Emanuel desperately wants a casino to be built in Chicago’s downtown center, and has said on many occasions that he intends to put revenue generated by the casino toward the city’s struggling public school system. The mayor is currently facing major opposition from residents and neighbors due to his plan to close a number of schools across the city to save money as well as to improve the quality of education offered to Chicago schoolchildren.
Earlier this month a video was posted to the Mayor’s YouTube channel, detailing how the money would be spent to modernize and improve city schools.
No casinos before pension reform, Quinn says
For his part, Quinn, who has never been a proponent of expanding gambling in Illinois, has reaffirmed this week that he expects a major overhaul of the state’s underfunded public pension system to take precedence over casino expansion.
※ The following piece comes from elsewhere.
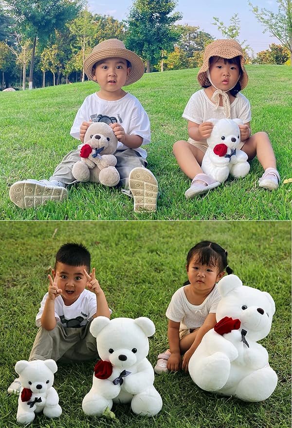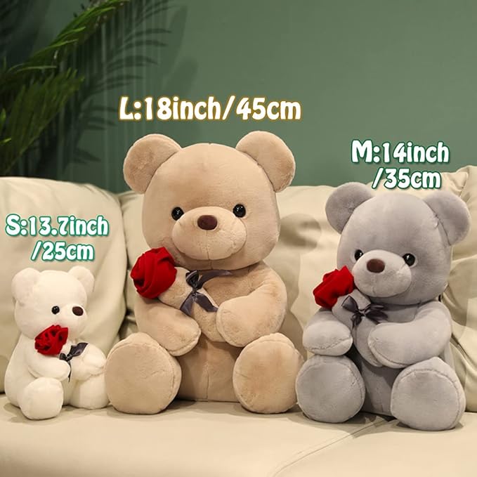 Teddy Bear Plush Stuffed Animal,Cute Teddy Bear with Rose,Sweet Rose Bear Gift for Your Loved One, Teddy Bear for Girlfriend Kids Birthday, Valentine, Christmas(13.7 inches, White)

SB1739, which passed the Illinois State Senate earlier this month absent a provision that also would have cleared the way for Illinoisans to place online wagers, would allow for the construction of five new land-based casinos, including the Chicago property, in addition to the installation of slot machines in Chicago’s two airports, O’Hare and Midway.
The bill has powerful proponents such as Emanuel, but it also has its share of opposition. Recently the Illinois Chamber of Commerce has begun to air radio advertisements slamming the bill, and residents in the areas where the Chicago casino has been proposed to be built have also expressed concerns about what such a project might mean for property values and future development plans.
Time running out
The next few weeks should be interesting as far as the Illinois bill is concerned. The current legislative session will end on May 31, and legislators are facing pressure from Quinn to put the matter of legalizing gay marriage ahead of the casino bill as well, with Quinn insisting that the votes are in place for gay marriage.
There are many gambling proponents, however, who point out that what Illinois needs most to solve its pension crisis, in addition to its other fiscal woes, is revenue. Those in favor of expanding casino gambling in the Land of Lincoln are quick to note that millions of dollars in potential revenue are being lost every year as Illinois residents travel to casinos in neighboring Indiana, Wisconsin, and Iowa.